Профессор Гебхардт стал близким другом Гиммлера еще на заре нацистского движения. Самые разные люди были единодушны в своем отношении к Гебхардту. Его считали злым гением Гиммлера. Шелленберг называет его «отвратительным». Олендорф, еще один близкий сотрудник Гиммлера, который сам отнюдь не был образцом порядочности (в Нюрнберге он признался в личном участии в убийстве 90 тысяч евреев), описывает Гебхардта как безнравственного и жадного интригана, руководствовавшегося в жизни только своими личными выгодами. Другие знали его как бессовестного политикана-дилетанта, маскировавшего интриги невинным медицинским покрывалом. Как врач, он производил экспериментальные операции на польских девушках в концентрационном лагере Освенцим, за что Гиммлер вознаградил его должностью президента Германского общества Красного Креста. Любопытные сведения о своем знакомстве с Гебхардтом приводит Шпеер. Когда в 1944 году Шпеер серьезно заболел, он воспользовался услугами присланного ему Гиммлером Гебхардта. Время шло, но на фоне лечения здоровье Шпеера нисколько не улучшилось. Обеспокоенные друзья Шпеера заподозрили неладное и пригласили другого врача, профессора Коха из клиники Шарите. Профессор Кох, изучив назначения Гебхардта, сказал, что его лечение лишь усугубляет болезнь Шпеера. Врачи не сошлись во мнениях, и инцидент можно было бы счесть незначительным, если бы не дурная репутация Гебхардта. С того момента Шпеер до минимума сократил свое общение с Гиммлером. Таков был советчик, представленный Гиммлером. Гебхардт порекомендовал одного своего ученика, Людвига Штумпфеггера, неплохого ортопеда, работавшего в клинике Хоэнлихена и занимавшегося проблемой регенерации костной ткани.
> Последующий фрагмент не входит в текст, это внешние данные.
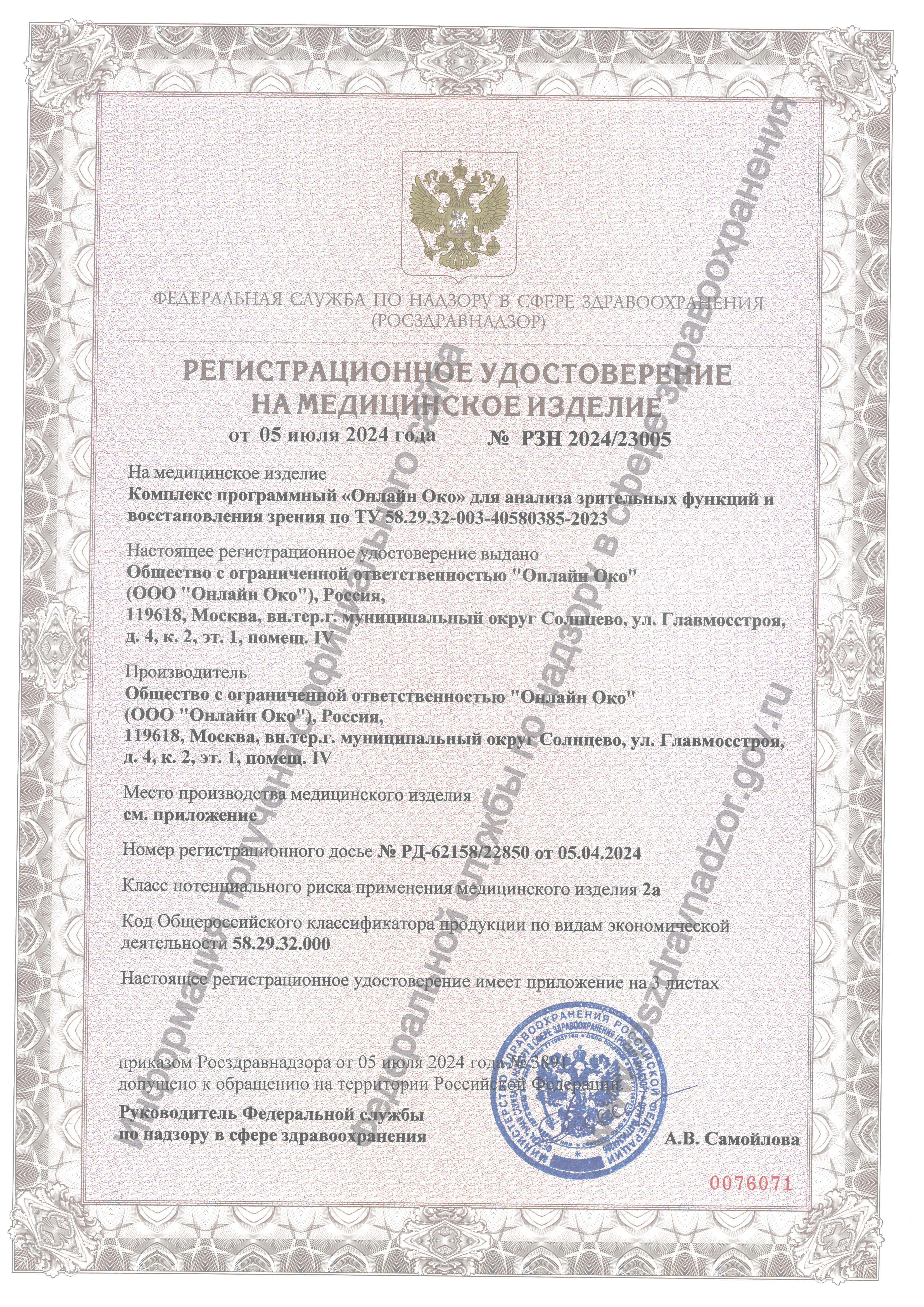 для телемед-офтальмологии «Онлайн Око» (Сервис).

Какими бы мотивами ни руководствовались Гиммлер и Гебхардт, посылая Штумпфеггера в Восточную Пруссию к Гитлеру, – а те, кто знал Гебхардта, не верили, что за этим не скрывается личная корысть, – они ничего от этого не выиграли. Возможно, конечно, что ни Гиммлер, ни Гебхардт и не искали никакой выгоды, ибо Гиммлер был слишком наивен для того, чтобы вынашивать какие-то многоходовые планы. Впрочем, и у Штумпфеггера не было ни малейшего желания служить тем, кто был для него теперь бесполезен. Прибыв в ставку фюрера, он не стал ни от кого скрывать своей безусловной и искренней преданности Гитлеру. Преданный великан (Штумпфеггер отличался огромным ростом) в неподдельном обожании склонил голову перед божеством, пред ясные очи которого он был теперь допущен, что не мешало ему презрительно отзываться о благодетелях, пославших его в Растенбург. Штумпфеггер появился в ставке Гитлера 31 октября 1944 года. После этого его посещения фюрера становятся день ото дня чаще. В дневнике Линге ежедневно присутствовало слово Spaziergang – прогулка. Это был единственный момент в течение дня, когда Гитлер короткое время дышал свежим воздухом, гуляя в саду. Весьма редко в дневнике отмечалось и то, с кем в тот день гулял Гитлер. Список спутников был невелик: Гиммлер, Геринг, Альберт Борман (адъютант Гитлера, брат Мартина Бормана) и Штумпфеггер. В последние дни агонии Третьего рейха Штумпфеггер оставался рядом с Гитлером. Он остался, когда все другие, включая Мореля, бежали или были изгнаны. Когда его спросили однажды, по-прежнему ли он думает, что Германия победит, Штумпфеггер с наивной убежденностью истинно верующего ответил, что, несмотря на свое невежество в военных делах, он не думает – он знает, что Германия выиграет войну. Гарантией ему служила непреклонная убежденность в глазах фюрера. Прогулки в саду не были прогулками пациента с лечащим врачом – до конца жизни Гитлеру так и не потребовалась помощь хирурга – это было общение мессии с апостолом, божества с избранным священником.